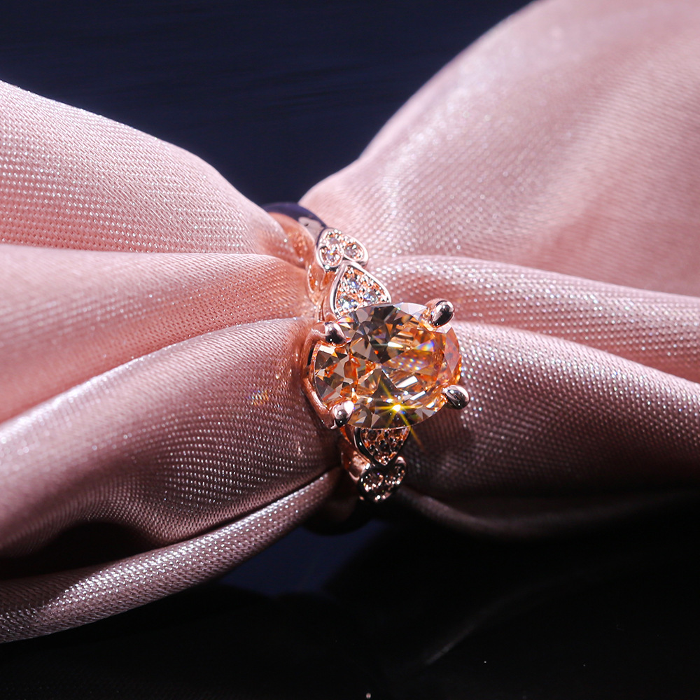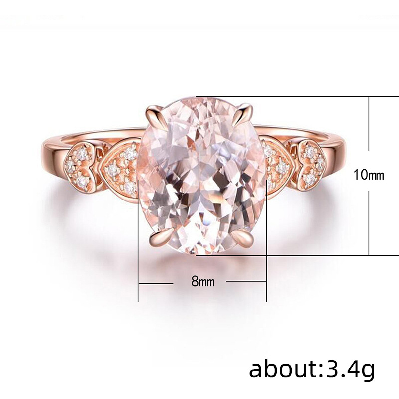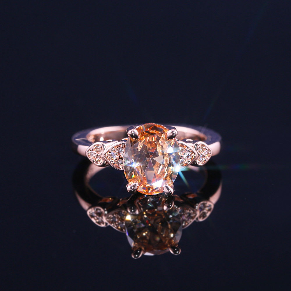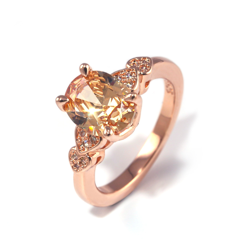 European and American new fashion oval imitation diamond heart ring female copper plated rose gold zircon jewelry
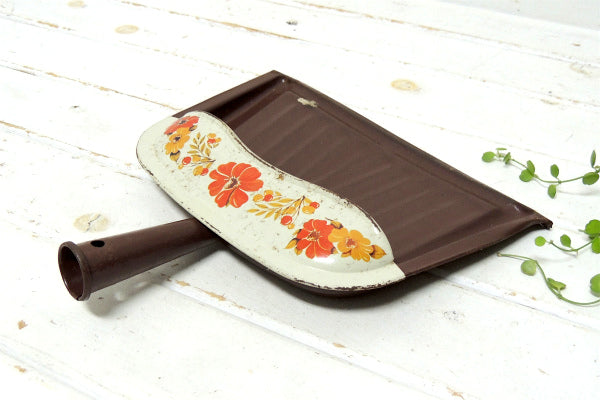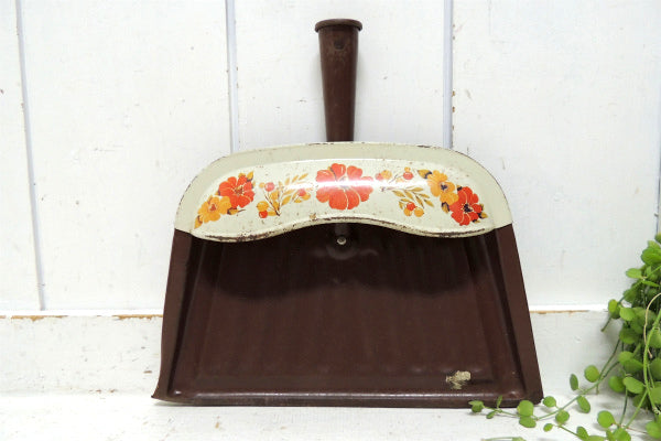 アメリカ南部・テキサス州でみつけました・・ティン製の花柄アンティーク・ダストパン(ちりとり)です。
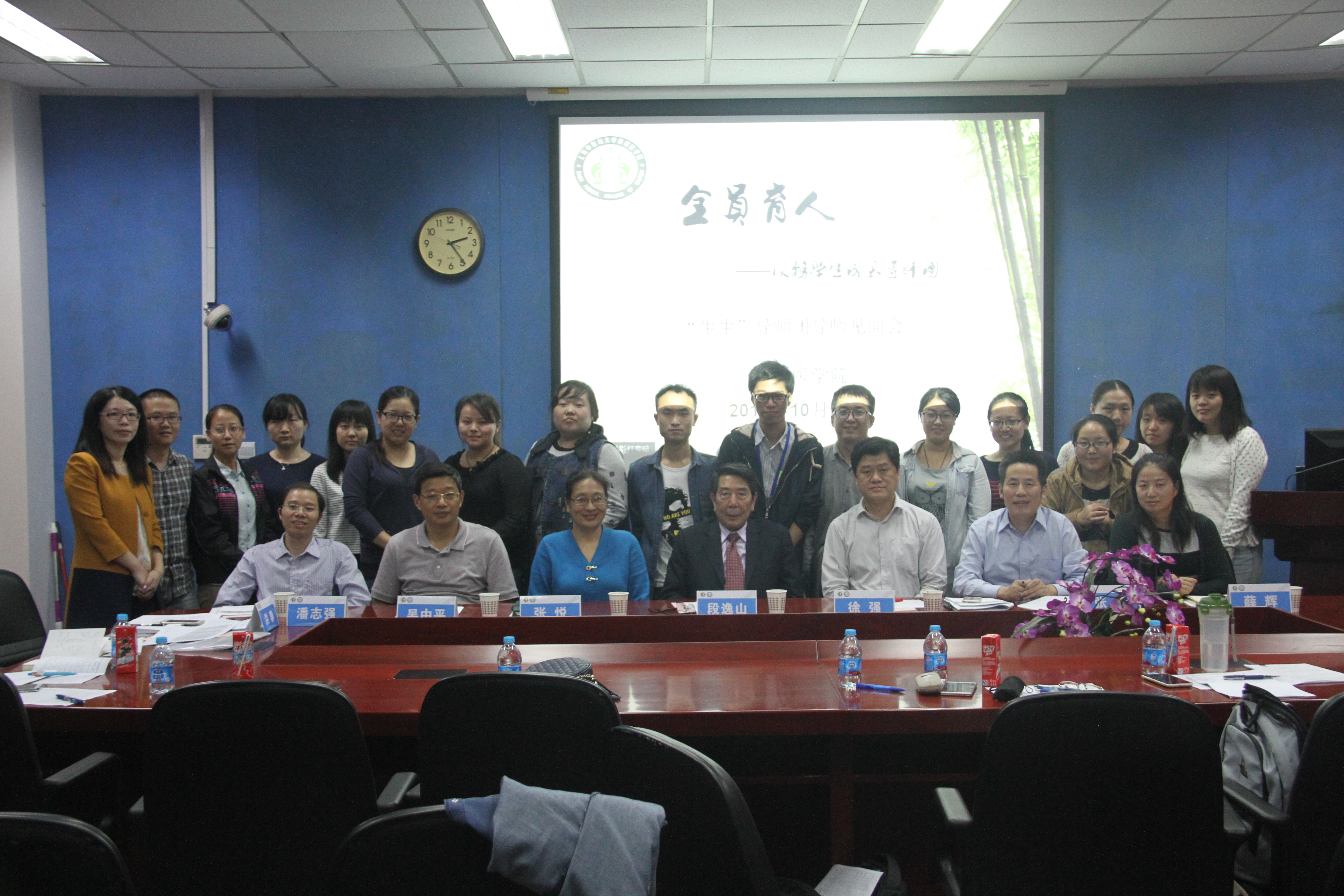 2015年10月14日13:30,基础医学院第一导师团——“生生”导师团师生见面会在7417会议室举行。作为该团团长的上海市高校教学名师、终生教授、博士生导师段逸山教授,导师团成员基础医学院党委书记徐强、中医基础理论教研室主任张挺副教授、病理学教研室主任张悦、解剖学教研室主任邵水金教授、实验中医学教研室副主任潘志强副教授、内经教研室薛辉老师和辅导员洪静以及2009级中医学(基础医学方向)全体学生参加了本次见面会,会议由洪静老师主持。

_ _ _ _ _ _ _

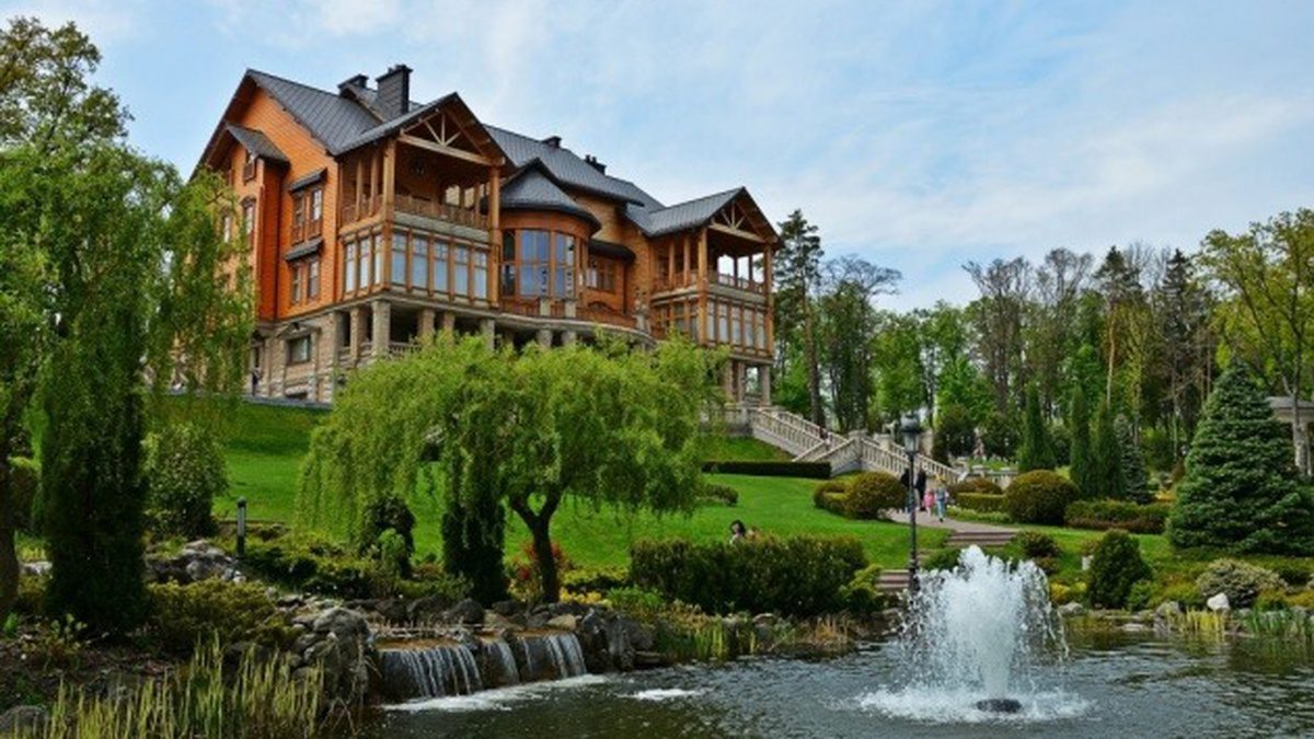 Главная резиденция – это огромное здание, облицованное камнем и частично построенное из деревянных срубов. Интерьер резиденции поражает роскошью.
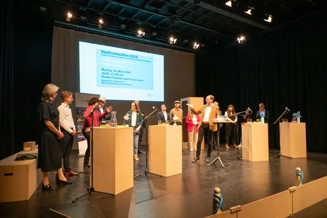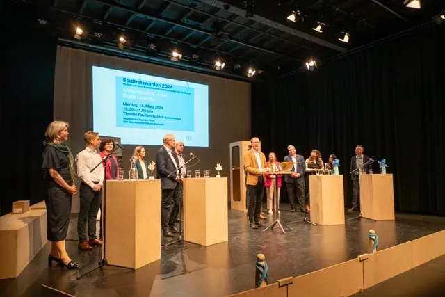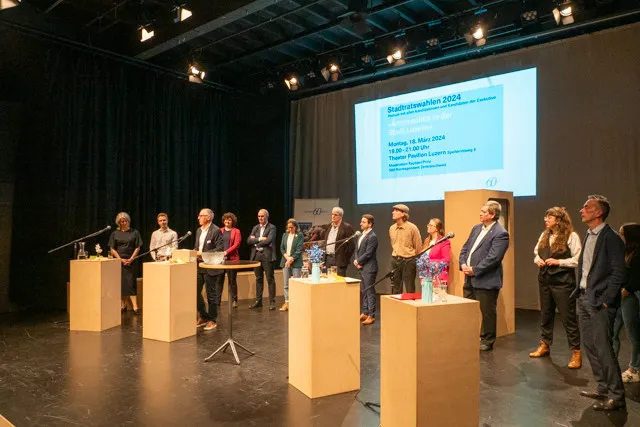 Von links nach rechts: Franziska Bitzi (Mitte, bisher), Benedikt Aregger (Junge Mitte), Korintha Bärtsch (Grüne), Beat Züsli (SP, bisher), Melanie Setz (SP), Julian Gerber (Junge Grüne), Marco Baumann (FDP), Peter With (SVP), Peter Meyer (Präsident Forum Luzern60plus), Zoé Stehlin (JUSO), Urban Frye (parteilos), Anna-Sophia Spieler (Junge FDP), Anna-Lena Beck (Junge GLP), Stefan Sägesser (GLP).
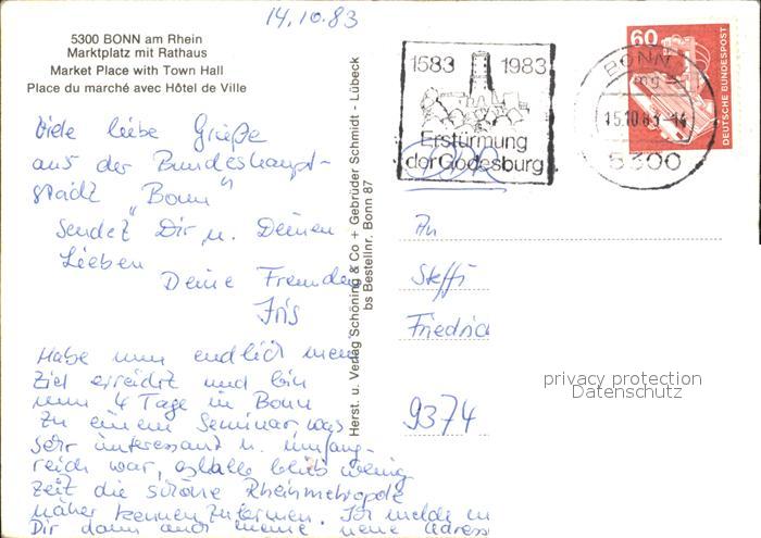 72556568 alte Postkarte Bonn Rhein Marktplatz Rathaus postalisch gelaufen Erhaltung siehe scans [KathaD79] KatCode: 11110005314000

_ _ _ _ _ _ _

EXERCISE: Up in the listing, locate the line with "European and American"; print it and every line after it down to the line with "2015年10月14日13:30,基础医", which is included too. Skip the pictures.

WRITTEN REPLY:
 European and American new fashion oval imitation diamond heart ring female copper plated rose gold zircon jewelry
 アメリカ南部・テキサス州でみつけました・・ティン製の花柄アンティーク・ダストパン(ちりとり)です。
 2015年10月14日13:30,基础医学院第一导师团——“生生”导师团师生见面会在7417会议室举行。作为该团团长的上海市高校教学名师、终生教授、博士生导师段逸山教授,导师团成员基础医学院党委书记徐强、中医基础理论教研室主任张挺副教授、病理学教研室主任张悦、解剖学教研室主任邵水金教授、实验中医学教研室副主任潘志强副教授、内经教研室薛辉老师和辅导员洪静以及2009级中医学(基础医学方向)全体学生参加了本次见面会,会议由洪静老师主持。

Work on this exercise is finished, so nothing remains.